# [ACTION ITEM]
Begin your copy at the line that holds "不动产权证书遗失公告【房屋所有权证(王阳辉)】" and carry it through the final line of the data, writing out each line exactly and omitting pictures.

# [PROVIDED DATA]

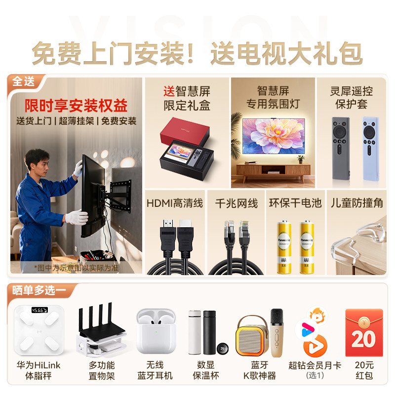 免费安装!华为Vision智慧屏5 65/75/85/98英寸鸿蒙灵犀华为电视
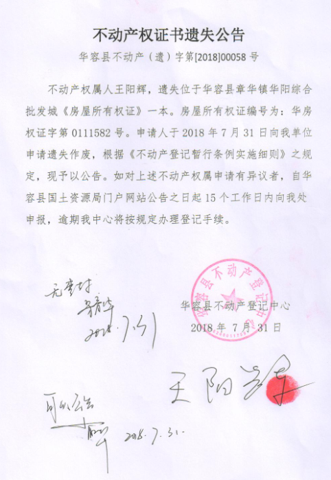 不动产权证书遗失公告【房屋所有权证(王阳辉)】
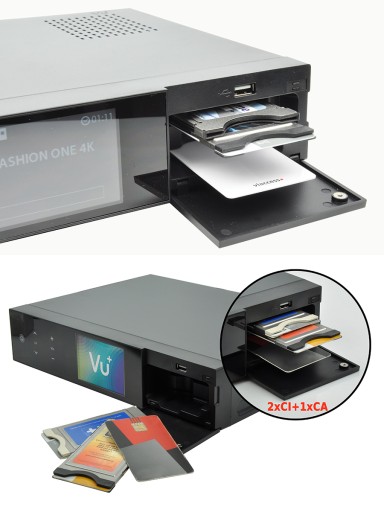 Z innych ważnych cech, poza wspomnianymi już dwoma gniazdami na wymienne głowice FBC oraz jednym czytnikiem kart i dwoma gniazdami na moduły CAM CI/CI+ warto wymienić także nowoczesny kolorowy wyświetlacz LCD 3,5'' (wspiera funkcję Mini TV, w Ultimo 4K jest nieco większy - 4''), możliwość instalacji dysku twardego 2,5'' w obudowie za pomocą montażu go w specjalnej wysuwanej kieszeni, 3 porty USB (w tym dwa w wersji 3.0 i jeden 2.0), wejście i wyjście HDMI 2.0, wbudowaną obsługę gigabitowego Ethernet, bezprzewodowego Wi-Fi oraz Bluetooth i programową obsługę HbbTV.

# [FINISHED TASK]
 不动产权证书遗失公告【房屋所有权证(王阳辉)】
 Z innych ważnych cech, poza wspomnianymi już dwoma gniazdami na wymienne głowice FBC oraz jednym czytnikiem kart i dwoma gniazdami na moduły CAM CI/CI+ warto wymienić także nowoczesny kolorowy wyświetlacz LCD 3,5'' (wspiera funkcję Mini TV, w Ultimo 4K jest nieco większy - 4''), możliwość instalacji dysku twardego 2,5'' w obudowie za pomocą montażu go w specjalnej wysuwanej kieszeni, 3 porty USB (w tym dwa w wersji 3.0 i jeden 2.0), wejście i wyjście HDMI 2.0, wbudowaną obsługę gigabitowego Ethernet, bezprzewodowego Wi-Fi oraz Bluetooth i programową obsługę HbbTV.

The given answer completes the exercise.